Recorded information -
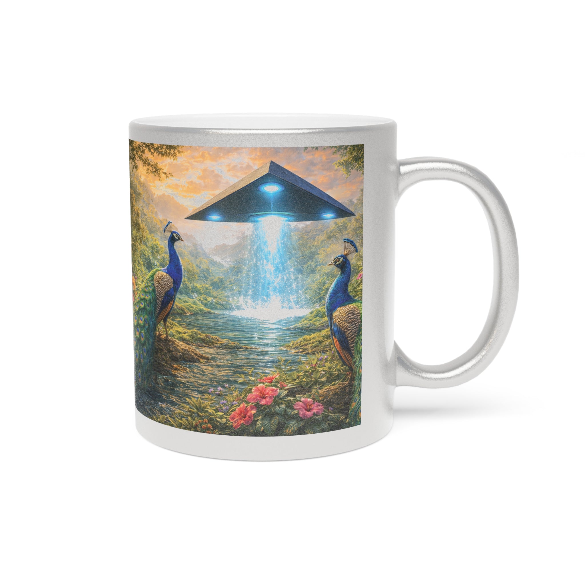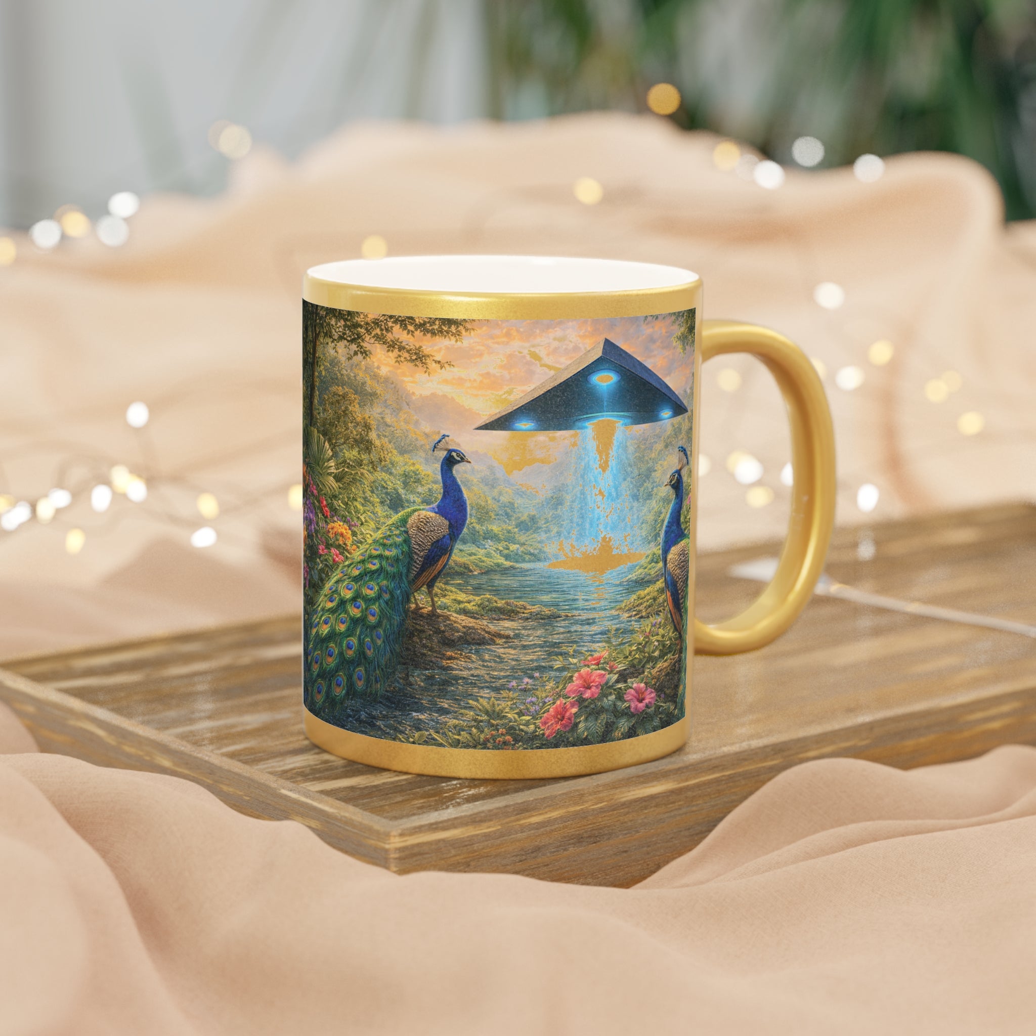 Introducing a stunning tropical Metallic Mug with UFO and peacocks that brings a touch of elegance to your morning routine. This ceramic mug, available in shimmering Gold or Silver metallic finishes, radiates a unique charm that enhances your favorite hot beverages. Whether you’re savoring coffee, tea, or a cozy hot chocolate, this mug is designed to elevate your sipping experience.
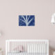 A photo of a tree with fanned out forked branches with a cyanotype effect.
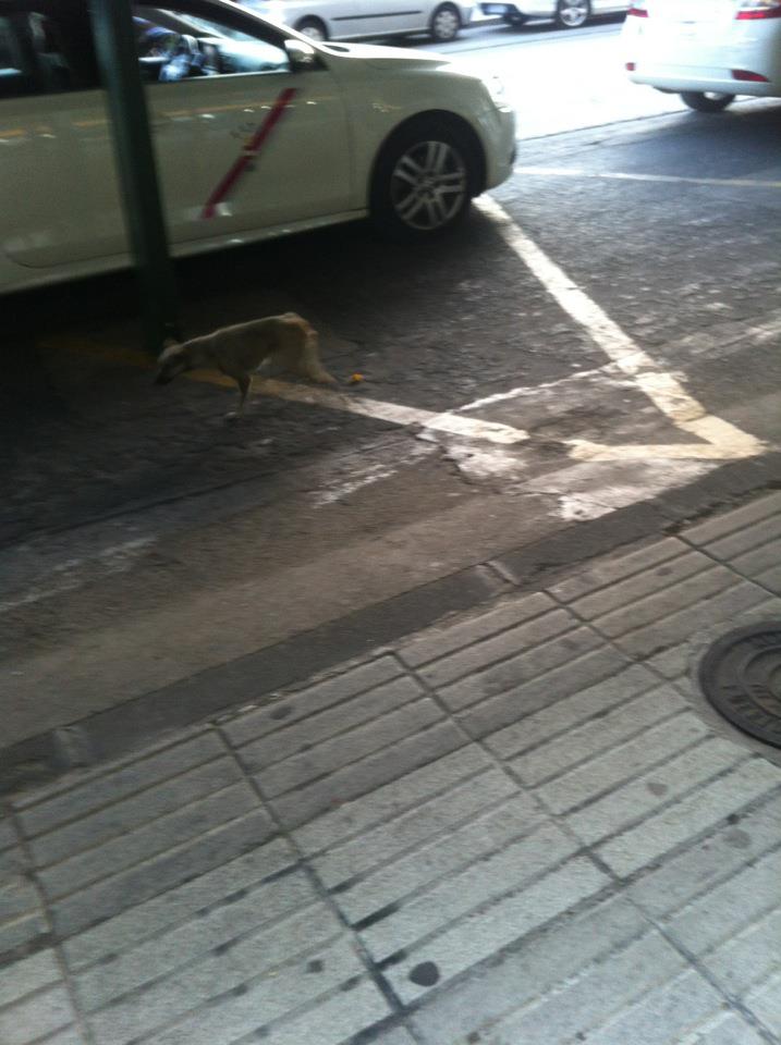 Encontramos a Valentina en la parada de taxis de Puertollano, estaba en unas condiciones lamentables, muerta de miedo, en los huesos, con una pata trasera rota y con los huesos astillados ya rompiendo la piel, plagada de parasitos externos e internos y ahora que está un poquito recuperada, necesita operación urgentemente de su patita.
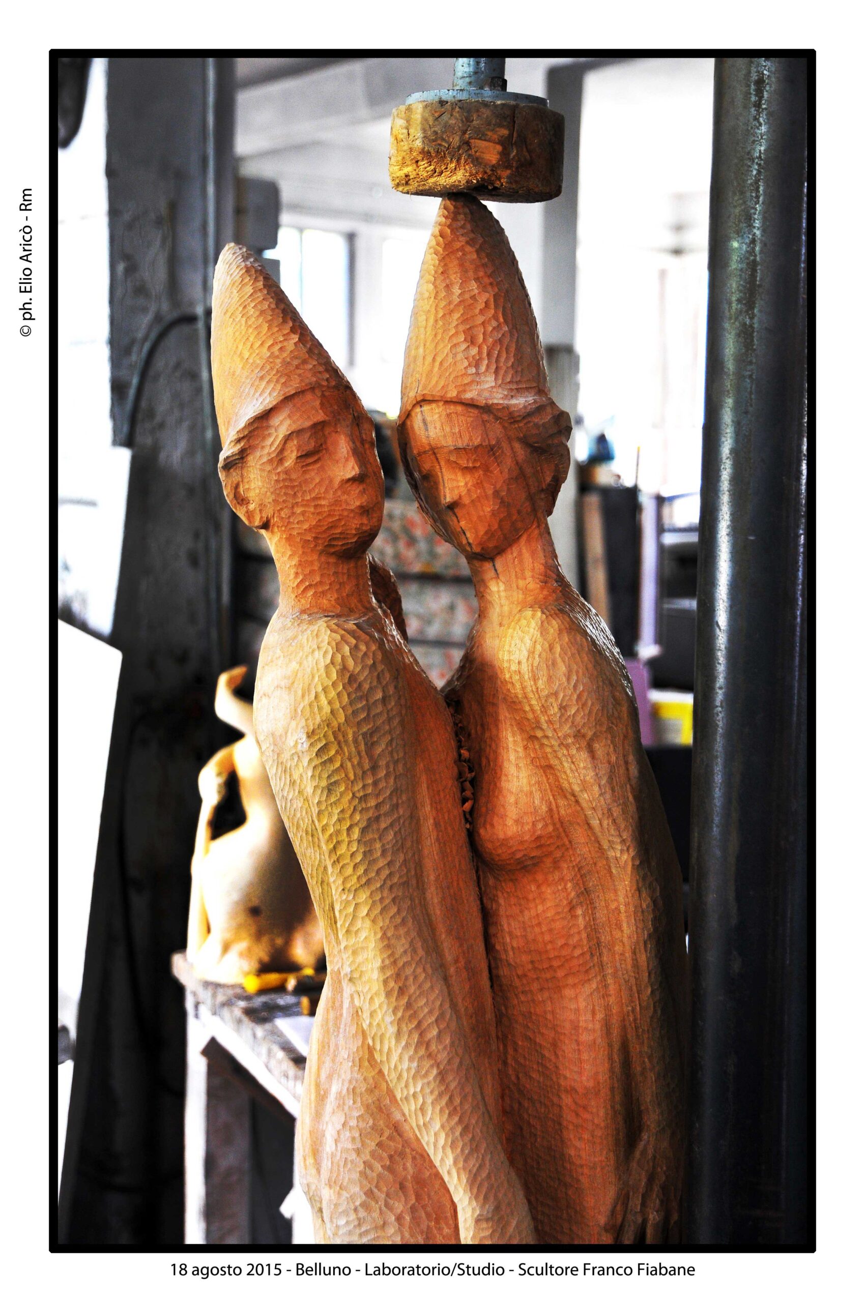 Nuove fotografie di Elio Aricò, fotografo e amico dell’artista Franco Fiabane Le nuove immagini di Elio Aricò nascono da un incontro del 18 agosto, occasione per visitare due collezionisti legati a Franco Fiabane da un rapporto di autentica amicizia. Qui l’artista non è il Maestro celebrato, ma l’amico accolto con affetto. Tra le opere spiccano un nudo ligneo di forte intensità e il tagliere-scultura custodito all’agriturismo Bon Tajer di Lentiai: un contadino e una contadina in un momento di riposo, immagine semplice e potente che richiama l’atmosfera di Novecento di Bertolucci. Le fotografie di Aricò raccontano questo intreccio di arte, memoria e relazioni umane.

Try it - Set the listing down exactly, without its pictures.

Exercise result -
 Introducing a stunning tropical Metallic Mug with UFO and peacocks that brings a touch of elegance to your morning routine. This ceramic mug, available in shimmering Gold or Silver metallic finishes, radiates a unique charm that enhances your favorite hot beverages. Whether you’re savoring coffee, tea, or a cozy hot chocolate, this mug is designed to elevate your sipping experience.
 A photo of a tree with fanned out forked branches with a cyanotype effect.
 Encontramos a Valentina en la parada de taxis de Puertollano, estaba en unas condiciones lamentables, muerta de miedo, en los huesos, con una pata trasera rota y con los huesos astillados ya rompiendo la piel, plagada de parasitos externos e internos y ahora que está un poquito recuperada, necesita operación urgentemente de su patita.
 Nuove fotografie di Elio Aricò, fotografo e amico dell’artista Franco Fiabane Le nuove immagini di Elio Aricò nascono da un incontro del 18 agosto, occasione per visitare due collezionisti legati a Franco Fiabane da un rapporto di autentica amicizia. Qui l’artista non è il Maestro celebrato, ma l’amico accolto con affetto. Tra le opere spiccano un nudo ligneo di forte intensità e il tagliere-scultura custodito all’agriturismo Bon Tajer di Lentiai: un contadino e una contadina in un momento di riposo, immagine semplice e potente che richiama l’atmosfera di Novecento di Bertolucci. Le fotografie di Aricò raccontano questo intreccio di arte, memoria e relazioni umane.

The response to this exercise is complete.